Photographs by Abdel Kareem Hana
“I just want to feel safe,” said Abu Ali from his makeshift couch in an al fresco sitting room in the Gaza City neighborhood of Shujaiya. The wish is as simple as it is elusive for Abu Ali and nearly everyone else in #Gaza. I’ve heard the phrase repeated again and again over the last week – from refugee camps to the vegetable market; from offices, living rooms, restaurants and hotels; from the beach and the harbor.
“I just want to feel safe.”
For Abu Ali, living near the Israeli border in Shujaiya turns that wish into a mocking fantasy. As we spoke, an Israeli drone buzzed overhead – often a harbinger of another rocket attack. In 2014 Israel leveled a blocks-long section of Shujaiya with 7000 shells in barely an hour. It was an attack so devastating that a retired American general declared, “Holy bejeezus!” He called the rate of fire “astonishing” and “absolutely disproportionate.”
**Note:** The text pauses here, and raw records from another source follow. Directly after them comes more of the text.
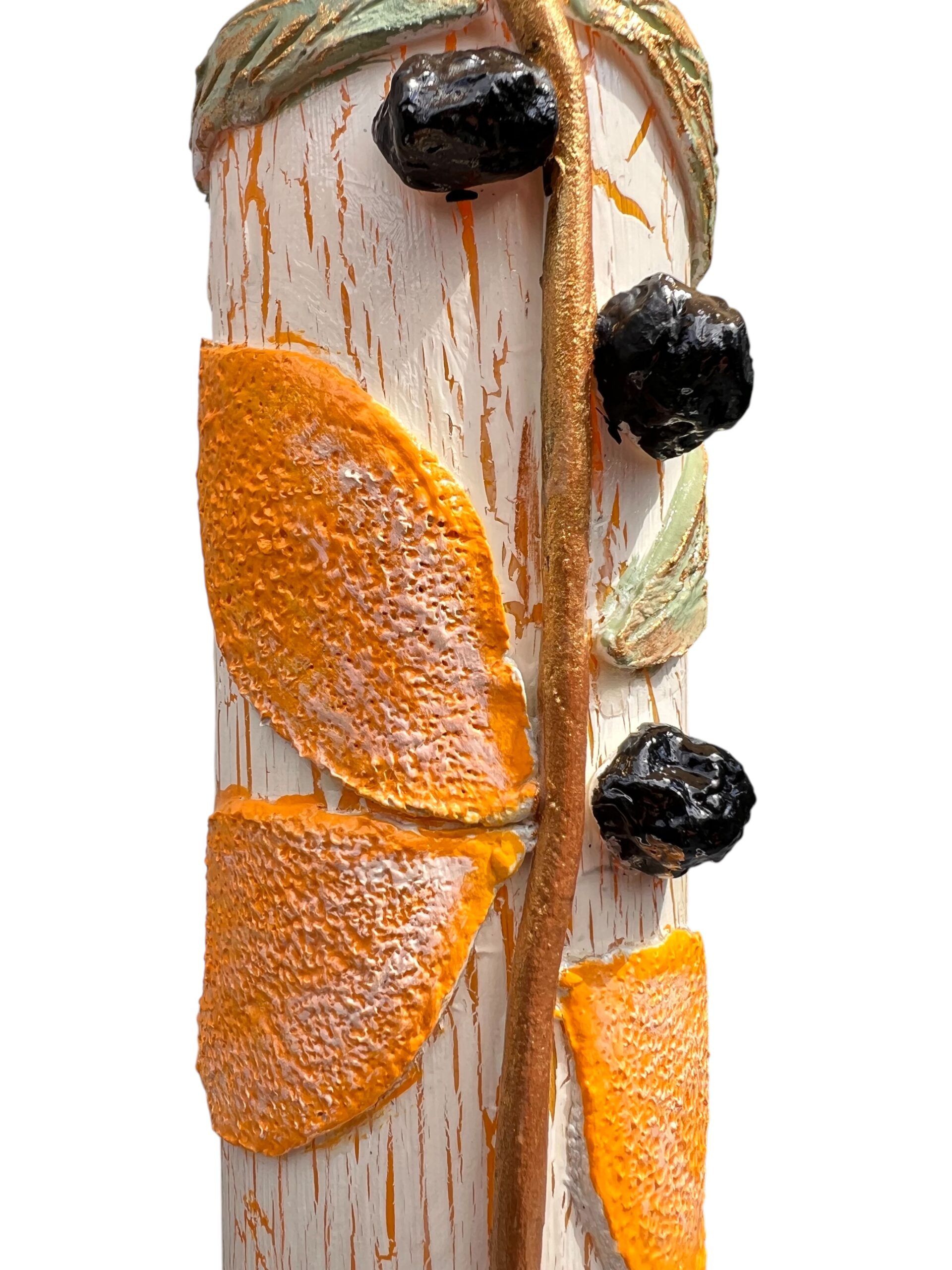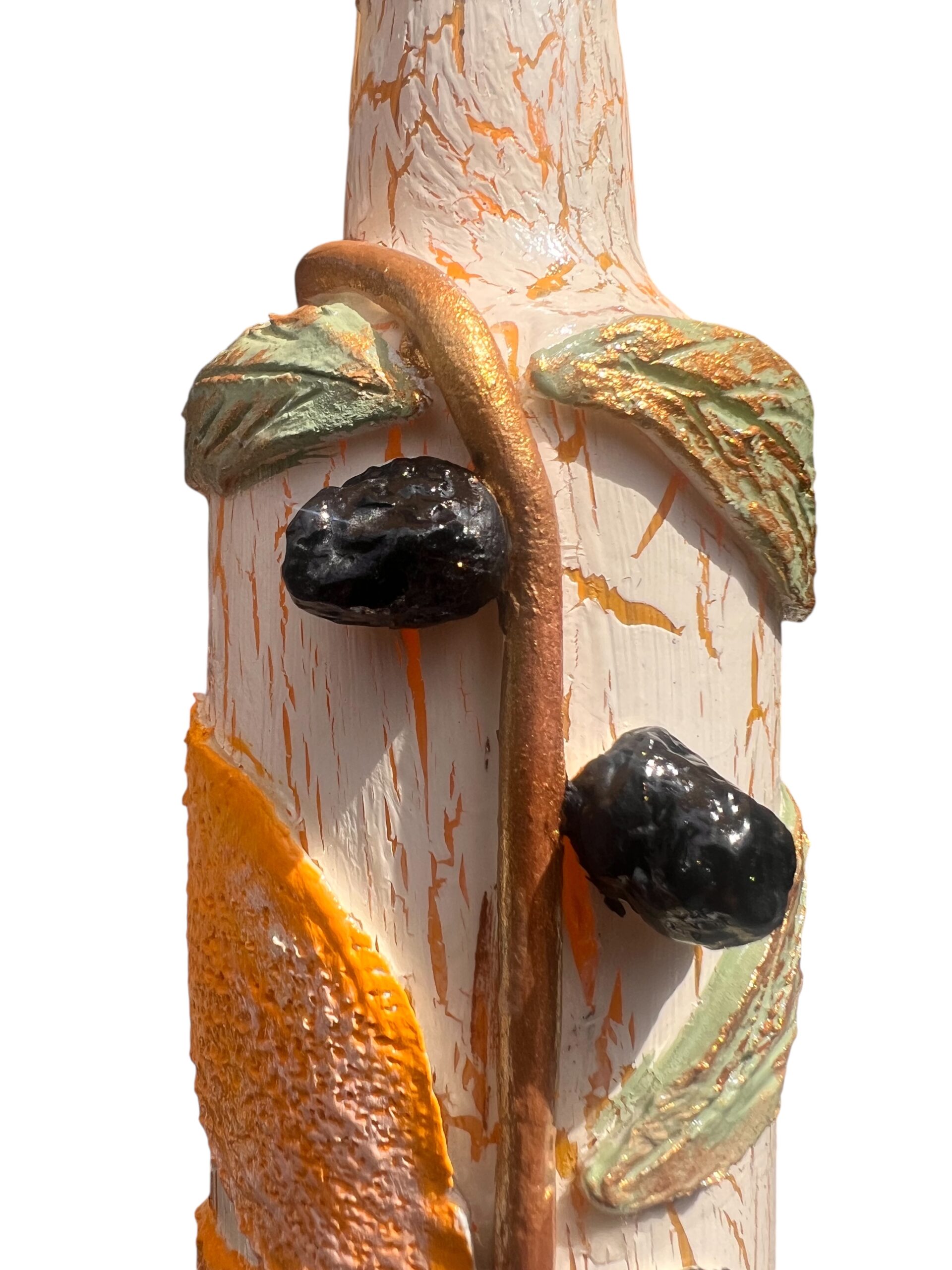 - Teknik: Çatlatma (crackle) efekt + kil kabartma (üzüm ve zeytin motifleri) + altın varak detaylar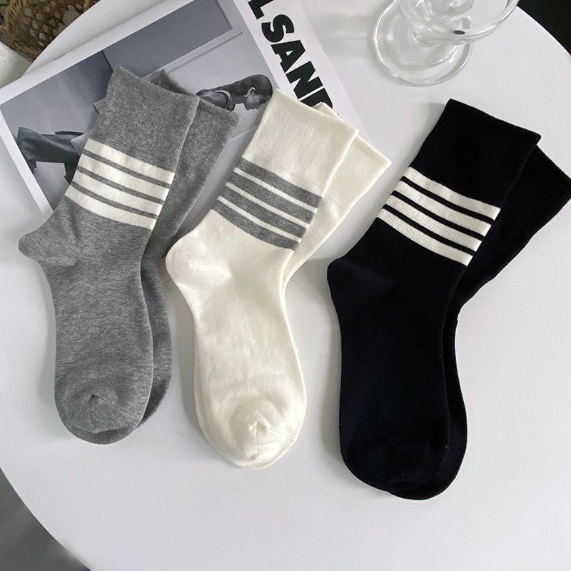 ミドルソックスレディース春夏ストッキング黒と白グレー靴下レディースストライプソックススポーツソックス4バースタッキングソックス
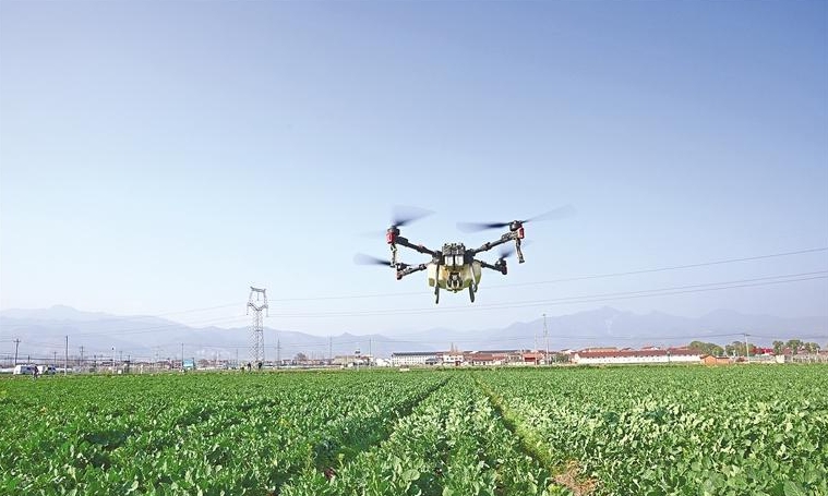 日前,陕西瑞飞创新科技有限公司工作人员操作无人机进行植保作业。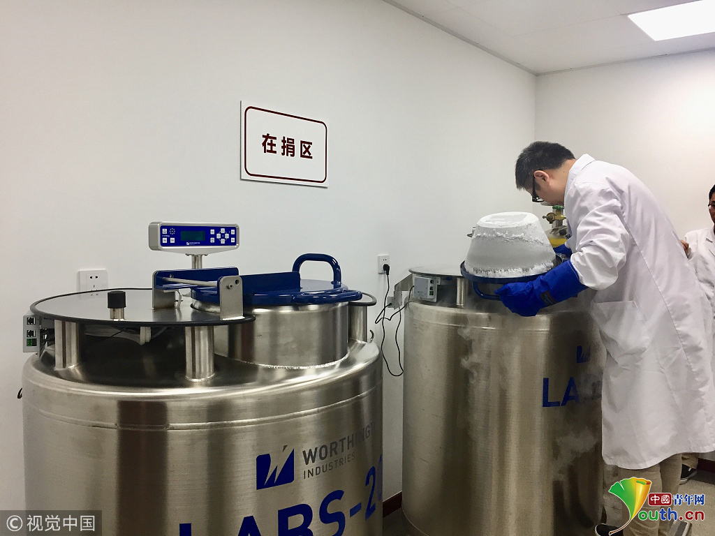 2018年9月20日,上海,實拍復旦大學人類精子庫。在復旦大學人類精子庫,志愿者捐獻出的精液被保存在液氮中。圖片作者:陳斯斯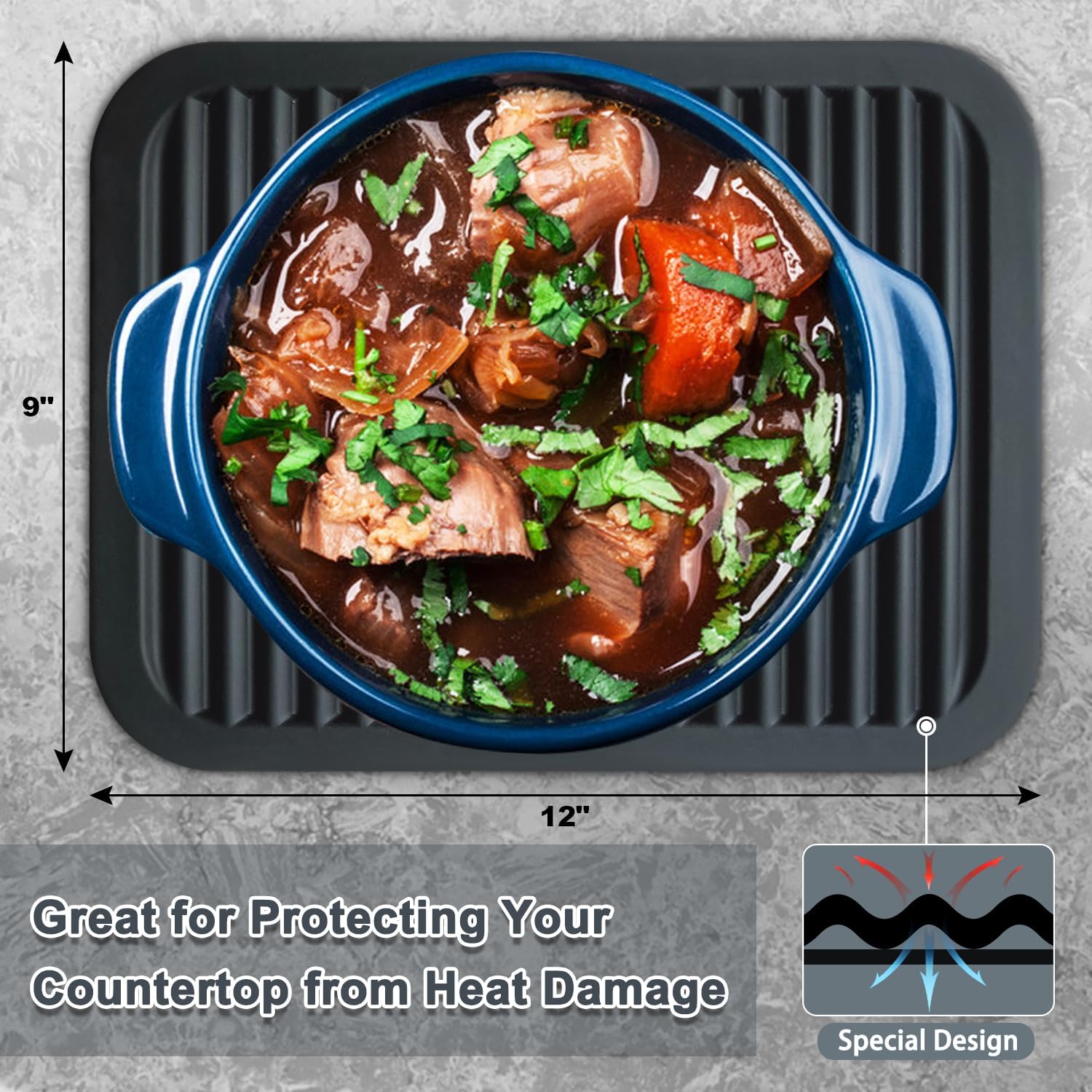 - MULTI-FUNCTIONAL: As the trivets for hot dishes are non-slip, flexible and soft, not only suitable for large cookware such as air fryers, coffee makers, but also can be used as pot holder, dish drying mats, spoon rest, pet bowl tray, pot mat and more. Folded up silicone pot holders are also perfect for use in the oven, microwave or refrigerator to protect your hands from hot and cold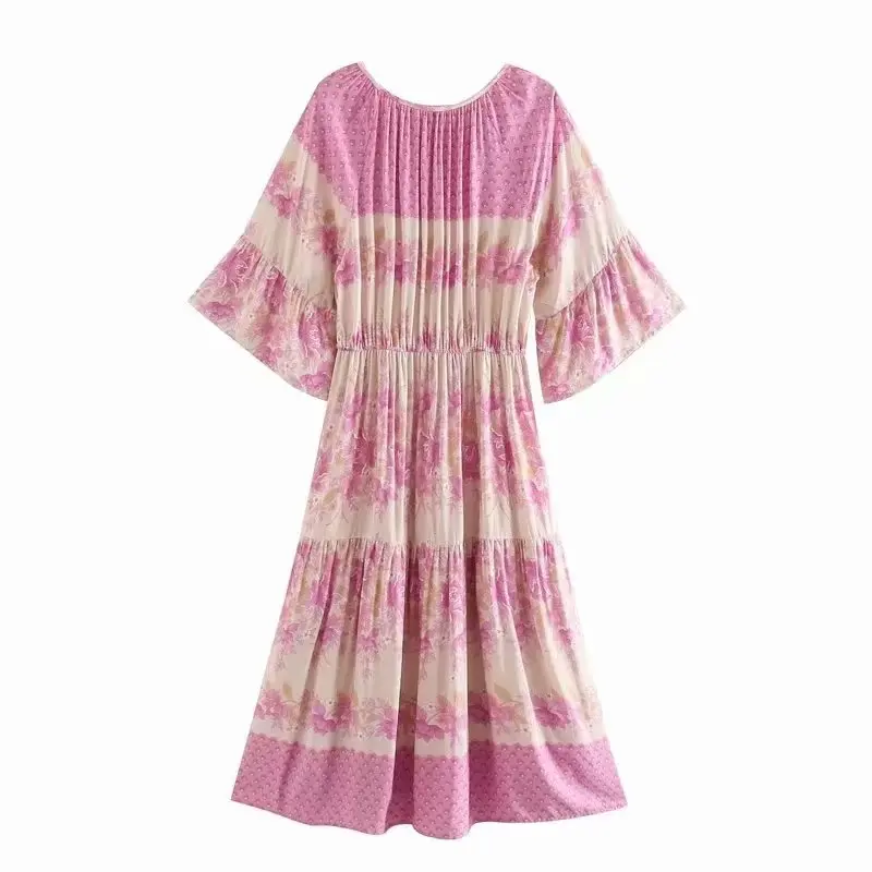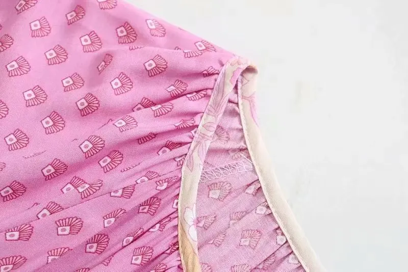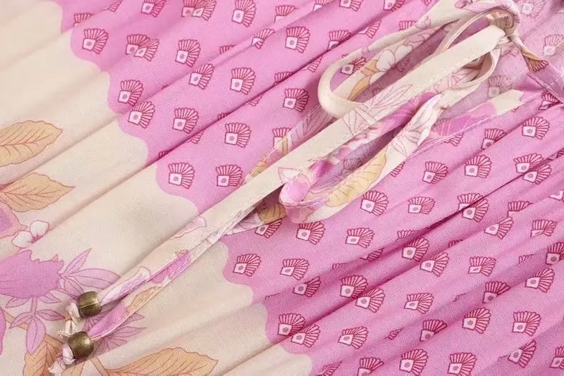 Платье в стиле бохо из вискозы и хлопка, розовое Макси-платье с цве...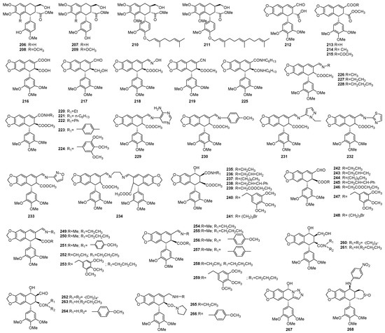 Although ring D was generally supposed to be an essential part for the activities of podophyllotoxins, a series of ring D opened deoxypodophyllotoxin (206–211) showed selective cytotoxicities against the HL-60 cell line (Figure 7) [156]. Oxidization followed by further modification at C-9 led to the synthesis of some carboxylic acid derivatives as esters, amides, nitriles and anhydrides (212–225). Their cytotoxicities were at micromolar range, although less potent than the parent compounds [157]. Besides, reaction of podophyllic aldehyde with aliphatic, aromatic, and heteroaromatic amines led to the synthesis of a series of imines (227–236), and biological evaluations indicated that they could induce microtubule depolymerization, and cells arrested at the G2/M phase [158]. As a continuation of the above research work, the same group further synthetized several series of nonlactonic podophyllic aldehyde analogues (237–268), featured with combinations of aldehyde, imine, amine, ester, and amide functionalities at C-9 and C-9′ of the cyclolignan skeleton. Among these compounds, 249–253 with an aldehyde or imine at C-9 and an ester at C-9′ were the most potent with IC50 values in the nanomolar range, and some of them showed several times more potent cytotoxicity against HT-29 and A-549 carcinoma than MB-231 melanoma cells. The mechanisms of these structures were found to be involved with two different mechanisms, i.e., cell death induction by cell cycle arrest and the microtubule-disrupting capacity [159].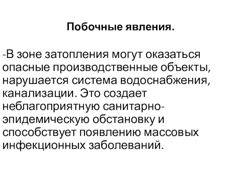 -Катастрофическое затопление территорий, городов, прекращение судоходства, рыбопромыслового производства.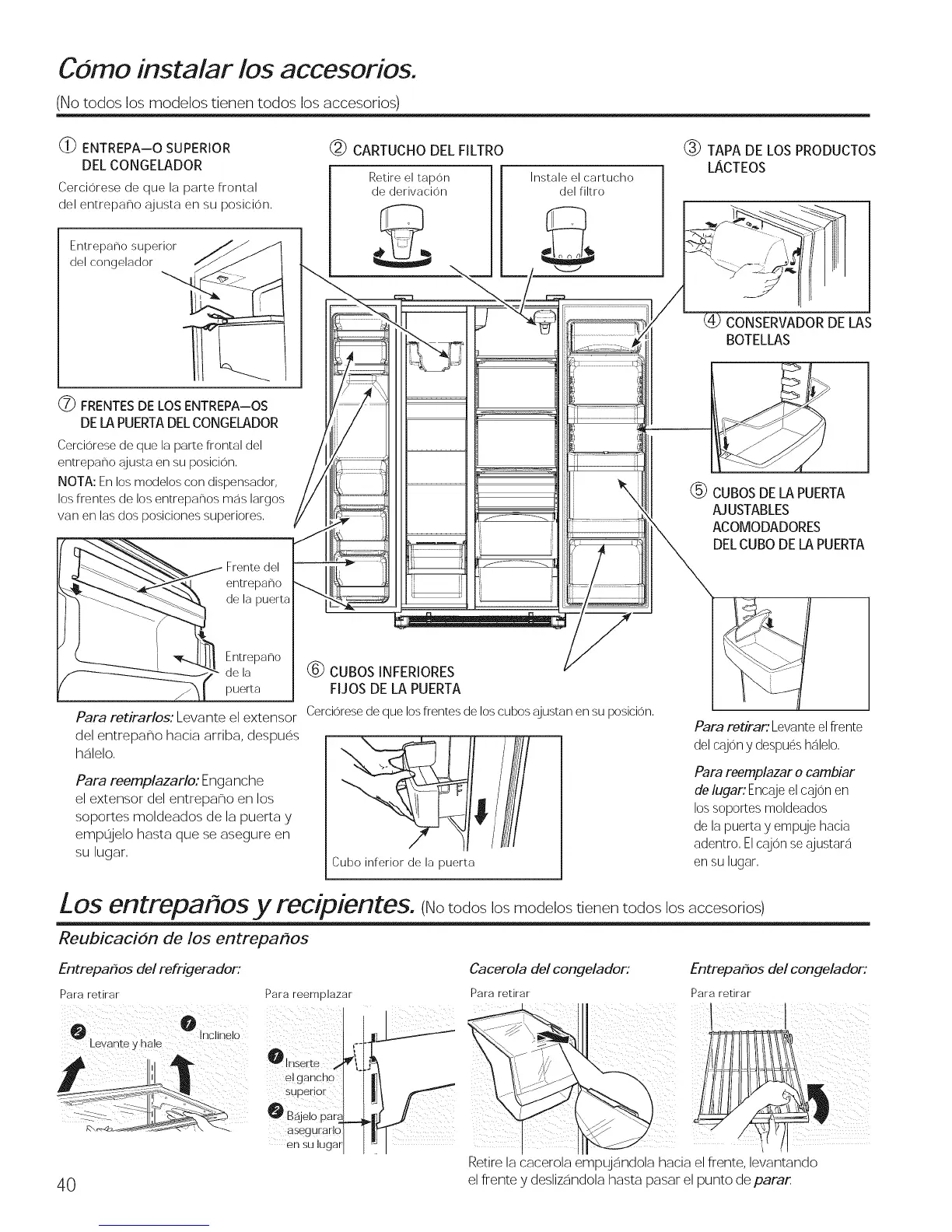Los entrepa#os y recipientes. (No todos los modelos tienen todos los accesorios)

During that war, “I got a call from the Israeli shabak [intelligence], saying, ‘You must leave this area,’” recalled Abu Ali, sitting in the filtered morning light beneath a lattice of grape leaves. Clucking chickens in his vegetable garden can’t quite drown out the sound of the drone. After the Israeli warning, Abu Ali started to move his family to his brother-in-law’s house, but as they left, he recalls, they came under shell fire from Israeli tanks. Eventually, they reached the relative’s house, where they lived for weeks, 50 people in two rooms.
Months after the 2014 war, Abu Ali finallly returned to discover his home – the one he saved to build by working construction in Israel for 30 years – completely destroyed. Over the next year, with funds donated from Saudi Arabia, he rebuilt it, adorning his front entrance with repurposed leftover tank shells. He fears for the next attack. “I want to feel safe. I want to sleep well. I don’t feel relaxed here in my home. Nobody can stop the Israeli attacks. Who pays with their blood? The people.”
The level of death, crippling injury, lasting trauma, sudden homelessness and nonstop fear is difficult to comprehend, much less calculate, outside of a war zone like Gaza. The broader casualty numbers are familiar to anyone who follows the story closely, but what floors me on this trip is learning how much loss individual families endured. One Gazan, now in Ramallah, lost 37 members of her family in the 2014 war. Not a typo. Thirty-seven, including seven young men in a single bombing. “They were not part of any militant organization,” said Tahani Abu Daqqa, former Minister of Culture for the Palestinian Authority; they were just young Palestinian men. Abu Daqqa tells me Israeli rockets also destroyed her Gaza home, even though, after Israeli warnings, it was empty and the neighborhood abandoned. As we spoke her phone kept lighting up and emitting little dings: updates on the evening’s killings from the ongoing Israeli attacks in Gaza, including a 14-year-old boy.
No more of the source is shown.